START INPUT DATA
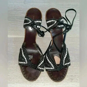Bottega Veneta brown woven Lace Up sandal Heels sz 38 READ DESCRIPTION
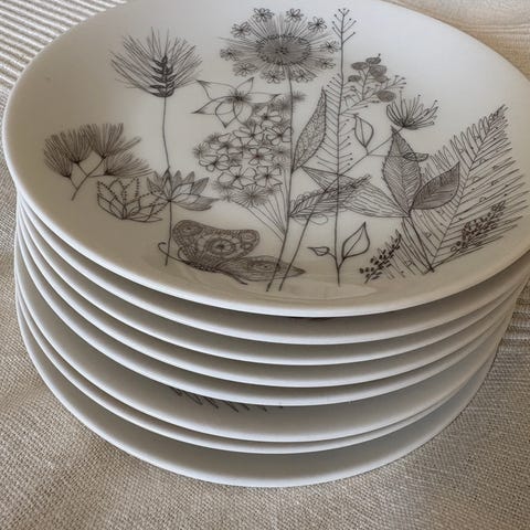 8 kpl lasisia kahvikuppeja ja leipälautasia
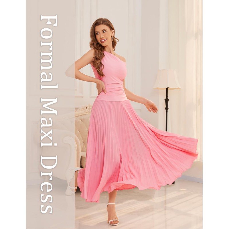 Bbonlinedress Pink Maxi One Shoulder Prom Cocktail Summer Pleated Dress Women Wedding Guest Bridesmaid Formal Long Party Dresses Pink M
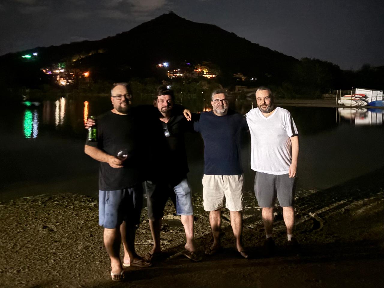 2013: vencedores da temporada - Nico (2), Sandro (3) e Gian (1) - com Binho ao fundo, na funo de "papagaio de pirata"
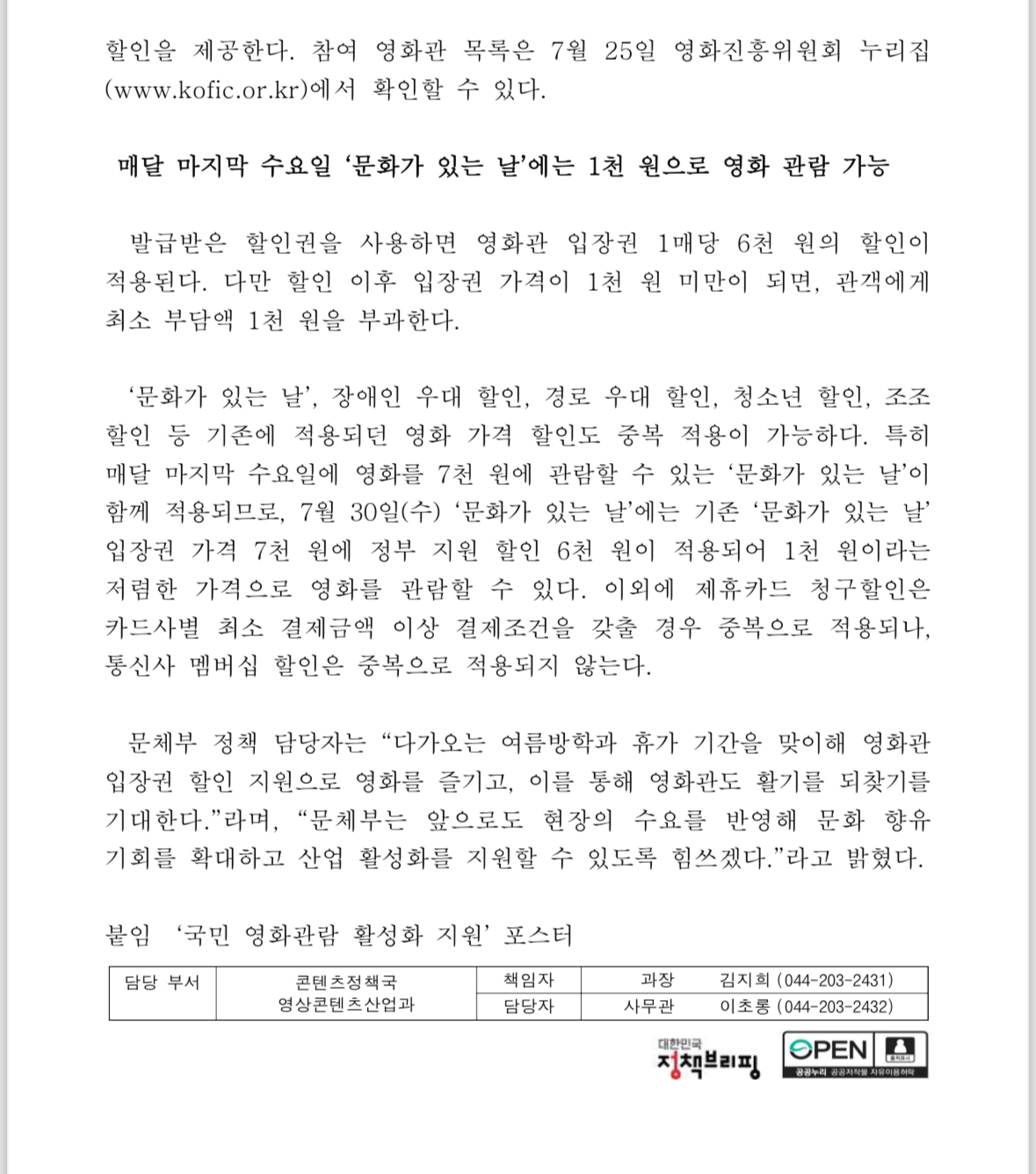 - 문화가 있는 날 = 영화 1,000원 가능!
END INPUT DATA
WHAT YOU NEED TO DO
Please print the span that begins at the line holding "2013: vencedores da" and ends at the last line of the data, both ends included, with no pictures.

PROBLEM SOLUTION
 2013: vencedores da temporada - Nico (2), Sandro (3) e Gian (1) - com Binho ao fundo, na funo de "papagaio de pirata"
 - 문화가 있는 날 = 영화 1,000원 가능!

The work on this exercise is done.